My question is whether the code I've created for this can be written better. First I'm setting each column's values with functions.
def N1(row):
if row['N'] == 'N1':
return 1
if row['N'] == 'N2' :
return 1
if row['N'] == 'N3' :
return 1
else:
return 0
def N2(row):
if row['N'] == 'N2' :
return 1
if row['N'] == 'N3' :
return 1
else:
return 0
def N3(row):
if row['N'] == 'N3' :
return 1
else:
return 0
def NX(row):
if row['N'] == 'NX' :
return 1
else:
return 0
Then using these functions with:
df['N1'] = df.apply (lambda row: N1(row), axis =1)
df['N2'] = df.apply (lambda row: N2(row), axis =1)
df['N3'] = df.apply (lambda row: N3(row), axis =1)
df['NX'] = df.apply (lambda row: NX(row), axis =1)
An Example Final Outcome:
Any input on how this process might take less code is appreciated!

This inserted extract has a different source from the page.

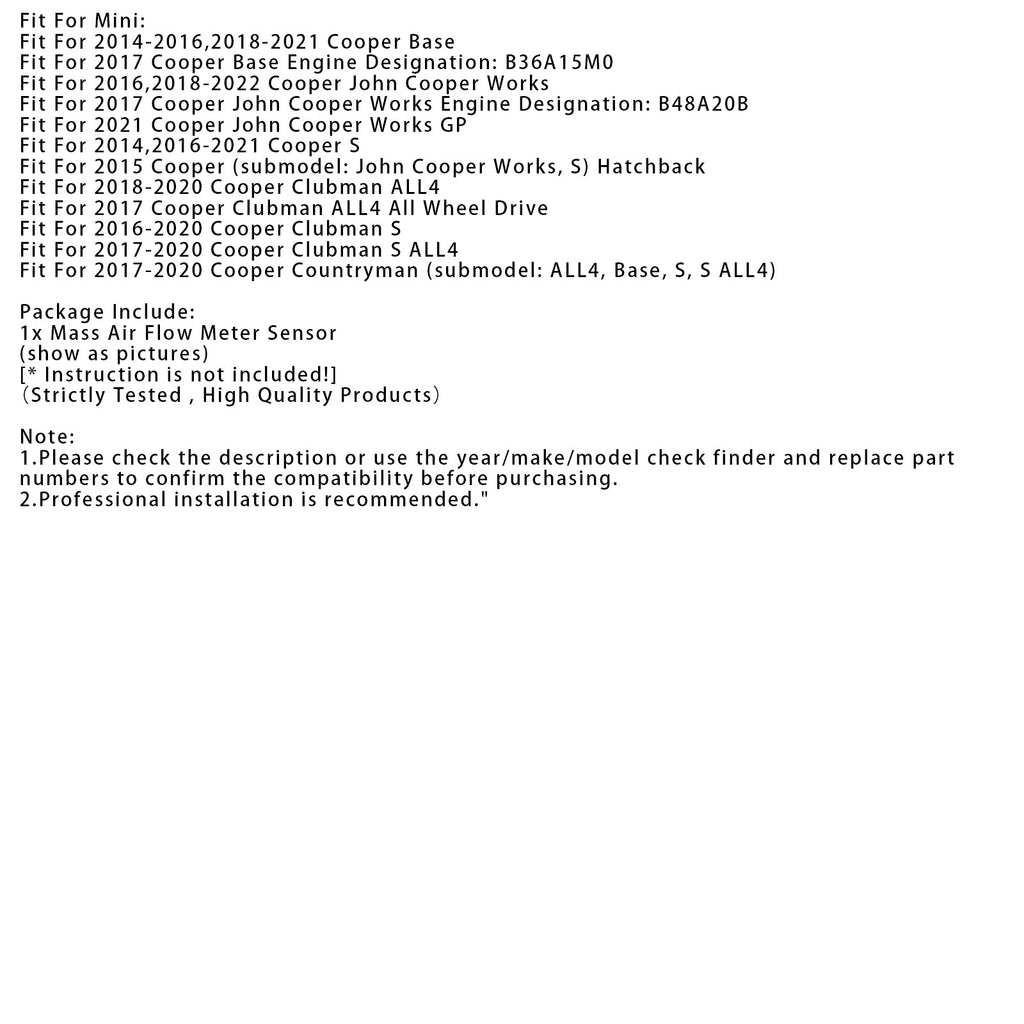 Fit For 2017 Cooper Base Engine Designation: B36A15M0

Thank you.
Create the dummies of all of the columns and drop 'N0'
as you don't care about that one. Then apply your hierarchy to set the lower stages to 1 if the higher stage is 1.
import pandas as pd
df = pd.DataFrame({'N': ['N0', 'N1', 'NX', 'N2', 'N3']})
df = pd.concat([df, pd.get_dummies(df['N']).drop(columns='N0')], axis=1)
hierarchy = ['N3', 'N2', 'N1']
for i in range(len(hierarchy)-1):
df[hierarchy[i+1]] += df[hierarchy[i]]
N N1 N2 N3 NX
0 N0 0 0 0 0
1 N1 1 0 0 0
2 NX 0 0 0 1
3 N2 1 1 0 0
4 N3 1 1 1 0